До выборов 2000 года оставалось одиннадцать месяцев. Очевидно было, что Примаков, семидесятилетний реликт советской эпохи, за которым стояла клика коммунистов, бывших аппаратчиков и заслуженных чекистов, был вовсе не тем лидером, в котором нуждалась страна в 21-м веке. Перед выборами он должен был сойти со сцены, как они и договорились в свое время с Ельциным. Но было ясно, что уходить он не собирается. Вопрос теперь был в том, кого “семья” сможет противопоставить Примусу в качестве ельцинского преемника с реальными шансами на победу, и кто же та пешка, которую президент двинет в ферзи?

Даже при наличии безусловного электорального преимущества престолонаследник должен будет выйти на выборы на фоне всеобщего недовольства. Примаков быстро набирал популярность. Стоя на лестничной площадке, переоборудованной в секретную переговорную комнату, Борис и Путин понимали всю ответственность, возложенную на них историей. Их совместное мнение наверняка возобладает в “семье”, что, в свою очередь, определит, кого Президент назовет преемником.

Выбор был невелик. Имелись только две фигуры достаточно высокого уровня, которые минимально подходили на эту роль: министр внутренних дел Сергей Степашин и министр путей сообщения Николай Аксененко. Но у каждого из них были свои недостатки, и ни один не был безусловным фаворитом.

— Володя, а как насчет тебя? — вдруг спросил Борис.

— Что насчет меня? — не понял Путин.

— Ты мог бы стать президентом?

— Я? Нет, я не тот человек. Не того ищу в жизни.

— Ну а чего же ты хочешь? Остаться навсегда здесь?

— Я хочу… — замялся Путин. — Я хочу быть Березовским.

— Не может быть, — рассмеялся Борис.

Они сменили тему. Следующий вопрос был о Саше.

— Послушай, — сказал Путин, — скажу тебе честно. Ты знаешь, что я думаю о Литвиненко. Он тебя использовал. Он предатель. Но если ты просишь, я попробую помочь. Проблема в том, что я не контролирую ситуацию. Он числится за военной прокуратурой, то есть он в руках Скуратова. Давай сначала избавимся от Скуратова, а потом посмотрим, как помочь Литвиненко.
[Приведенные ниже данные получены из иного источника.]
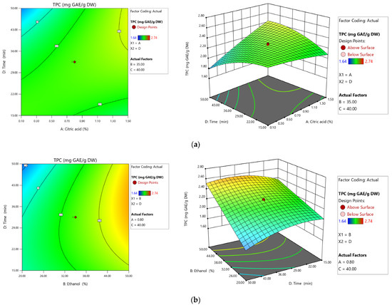 Second-order contour plots (left) and 3D surface plots (right) screening the effect of extraction time and citric acid concentration (a) and extraction time and ethanol (b) on the extraction yield of total phenolic content (TPC).
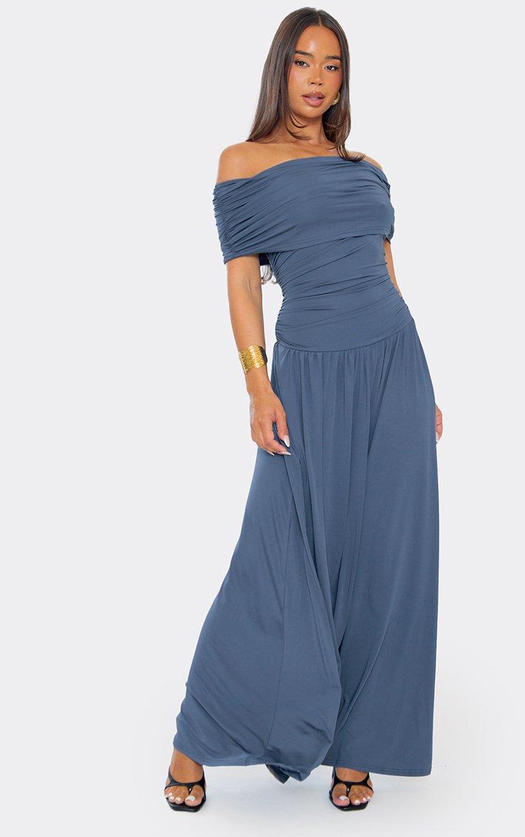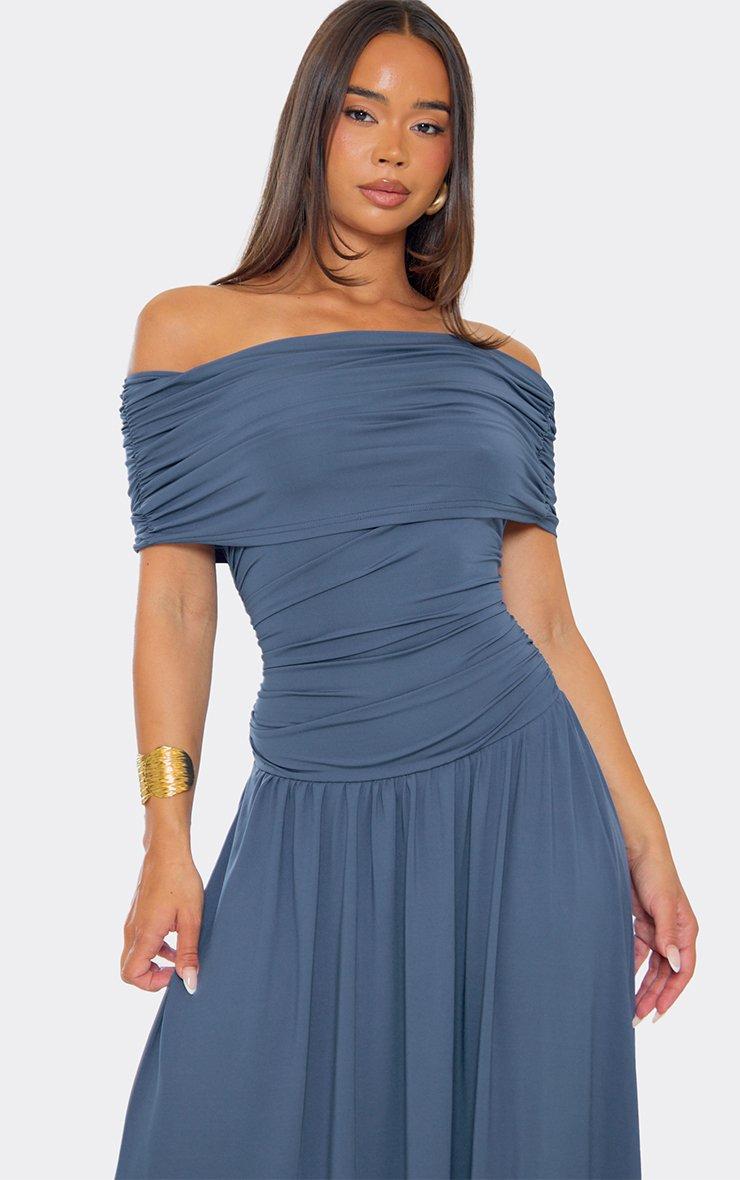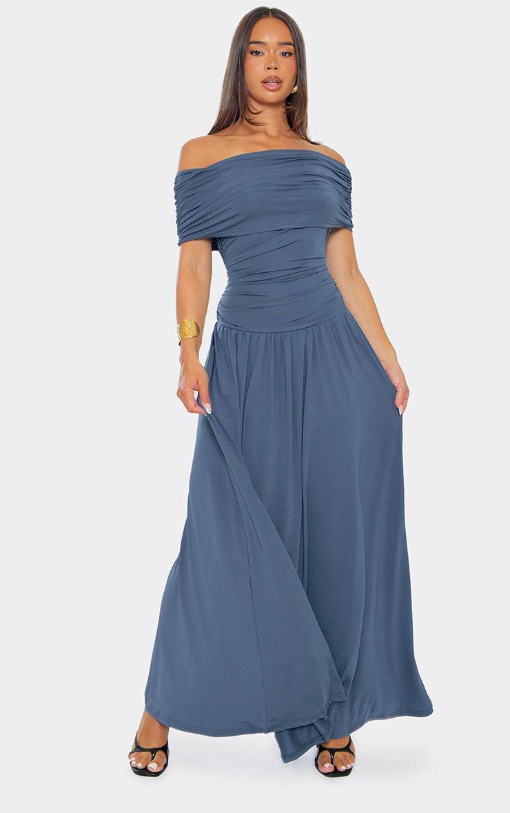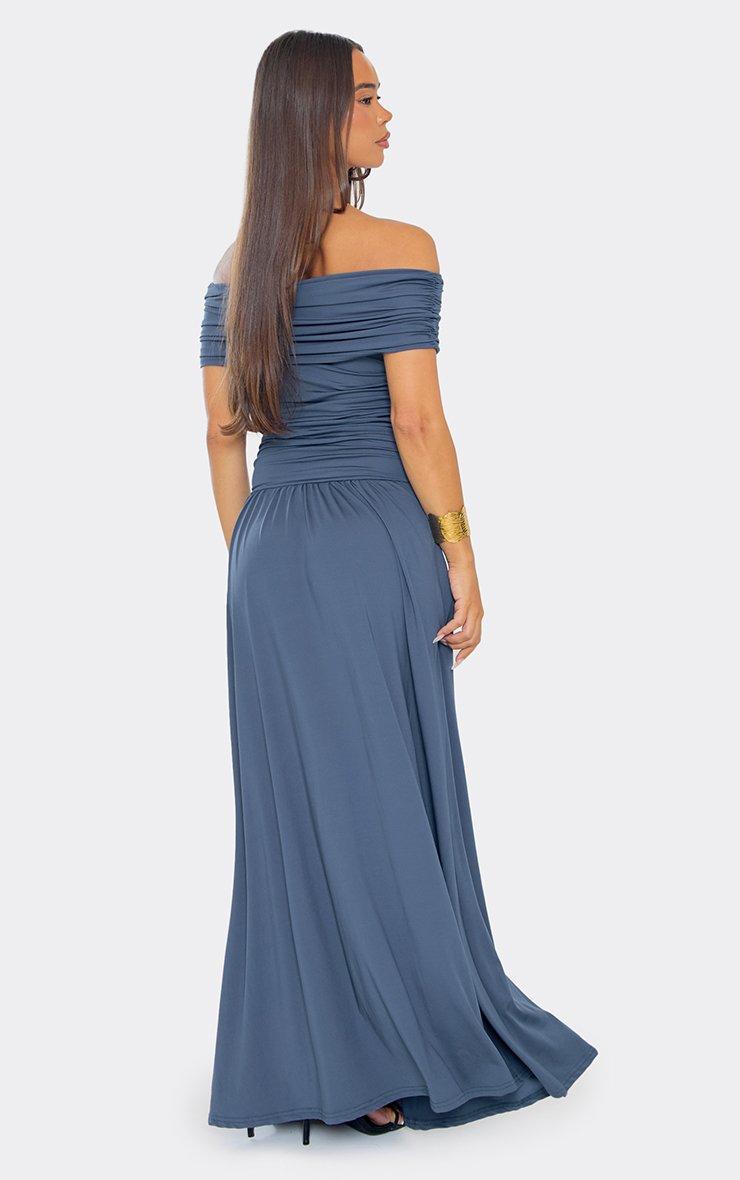 Serve weekend glam, doll. Featuring a blue material with bardot and dropped hem detailing, this maxi dress is giving chic, bold vibes from day to night.

Это звучало логично. Но было что-то в выражении лица Путина, что Борису не понравилось.

— И Боря, — продолжал Путин, — что бы ты о нем ни думал, он замазан. Он много чего нехорошего натворил.

— Этого не может быть, — сказал Борис. — Я его знаю.

— Я видел улики.

— Знаем мы, как у вас в Конторе делают улики.

Последовала неловкая пауза. “Как странно, — думал Борис. — Путин и Литвиненко — единственные два человека в ФСБ, которые не берут взяток, и так друг друга ненавидят”.

— Он предатель, — повторил Путин. — Но я сделаю, что смогу. — Он взялся за ручку двери. Ручка провернулась, не зацепив механизм замка.

— Вот бляди, — выругался Путин. — Замки не могут наладить, а ты хочешь, чтобы я управлял страной. Мы застряли.

— Эй, кто-нибудь! — закричал он, стуча в стенку, отделявшую площадку от основного коридора. — Это Путин! Нас захлопнуло!

Они стучались минут десять, пока кто-то не услышал и не пришел на помощь…

Чета Березовских, 1999 г. (Архив Бориса Березовского)

“Борис и Лена планировали лишь небольшой праздник, только для членов семьи и самых близких друзей. Но Путин приехал сам, без приглашения”.